Ciao ciao adolescenza

energie

CIAO CIAO ADOLESCENZA

(on the air: Madonna – Into the Groove)

La notizia è di quelle che ti fanno sobbalzare sulla sedia ergonomica, mentre sei lì imborghesito davanti alla tastiera cercando di lavorare. La notizia è di quelle che ti viene voglia di raccontare un mondo e di conseguenza tornare a scrivere. Come se ti morisse un parente nemmeno troppo lontano, uno che andavi a trovare nemmeno tanto malvolentieri perché poi alla fine eri lì e ti offriva una gassosa fresca e una fetta di fragrante crostata con la marmellata scura.
La notizia è che Energie, il  grande negozio di abbigliamento di Via del Corso a Roma, chiude il 31 maggio prossimo.
E chiude sia a causa della morte del disegnatore della linea omonima, sia soprattutto, a causa della crisi.
Non puoi che riavvolgere il nastro e cominciare a proiettare il filmino con un sapore dolce amaro in bocca.

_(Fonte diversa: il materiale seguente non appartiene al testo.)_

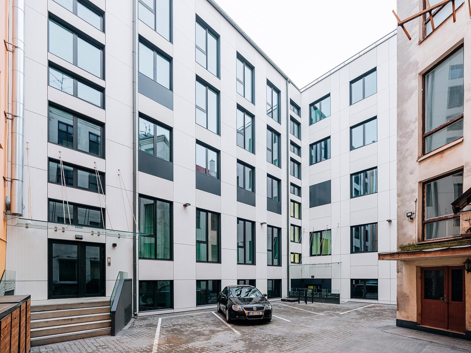 Fasādes kompozīcijā tiek stilizēts vēsturisku ēku trīsdalījums - cokols, fasāde, mansards. Pirmā stāva fasāde ir kā cokols, tikai stiklots, otrais un trešais stāvs stilizē logu dalījumu, bet ceturtā un piektā stāva fasāde atdarina mansarda jumtu, kuram ir logu izbūves. Šajā fasādē ir divas logu izbūves, kuras it kā turpina apakšējo stāvu fasādi un piešķir ēkai savdabīgu raksturu. Sestais stāvs ir tehniskais stāvs bez logiem ielas pusē un jumta formas dēļ praktiski nav uztverams no ielas. Pirmo trīs stāvu fasāde veidota kā liels akmens profilu režģis, kurā iestrādāts stiklojums. Augšējie trīs stāvi ievīstīti cinkota skārda segumā. Jau no ieceres pirmsākumiem bija skaidrs, ka fasādei tiks izmantots Kaarma dolomīts no Igaunijas. Fasādes akmens profilu režģis ir viena no tehnoloģiski sarežģītākajām ēkas struktūrām. Tai ir nesošs metāla apakšrāmis, uz kura īpašā iekares sistēmā stiprināti no pilnmasas izfrēzēti daudzšķautņaini akmens profili. Katrs akmens elements izgatavots vienā eksemplārā, jo režģim apzināti veidoti dažādi šķērsgriezuma leņķi, lai vienlaikus fasādē būtu dažādas gaismēnas, pastiprinot telpisko sajūtu, ko diennakts tumšajā laikā papildus izceļ fasādes apgaismojums. Fasādes akmens daļas konstrukcija bija jāsalāgo ar stiklojumu bez papildu elementu eksponēšanas. Bez pārspīlējuma var teikt, ka šis fasādes mēroga juvelierdarbs ir unikāls ne tikai Latvijas mērogā, tādēļ garāmgājēji bez kautrēšanās var piestāt un papētīt, kā tas veidots. Iekšpagalma fasāde mainīta nebūtiski, bet nosiltināta un apšūta ar fasādes plāksnēm. Pats iekšpagalms atvēlēts dažām autostāvvietām, tam mainīts segums.

È il secondo lustro degli anni Ottanta quando cominci ad andartene in giro per Roma con il tuo storico amico delle medie, appassionato di musica e di cinema, di Madonna soprattutto.
Ha raccolto talmente tanto materiale tra giornali, dischi, fotocopie, da essere un Fan con la effe maiuscola. Ha persino i doppioni. Me li regala. Io ho ancora quella cartellina piena di ritagli ben conservati, altro che bookmark, altro che salva con nome, altro che hard disk. Prendiamo l’autobus, il 913, quello che dalla Balduina scivolava giù fino al capolinea di piazza Augusto Imperatore.
L’autobus verniciato di verde, con i sedili in plastica color grigio beige. La spensieratezza è quella giusta, i Duran Duran, Bowie, Jagger, Michael Jackson, Cyndi Lauper, i Queen sono già loro. Lo struscio del sabato non è quello di oggi: c’è meno gente. Eppure mia madre si preoccupa: “ce li hai gettoni? Se serve chiama!”
Le ragazze nemmeno le guardavamo. Se le vedessi adesso, direi che la moda degli anni ottanta rendeva tutti dei truzzi insuperabili. E non fatevi ingannare da quello che vendono ora. È solo una copia sbiadita di quell’assurdo ciarpame che le sgallettate eighties si mettevano addosso. E pure i maschi non erano da meno. Ricordo un mio compagno di scuola che, proprio a via del Corso, si era comprato un maglione di lana giallo fluo all’ultimo grido.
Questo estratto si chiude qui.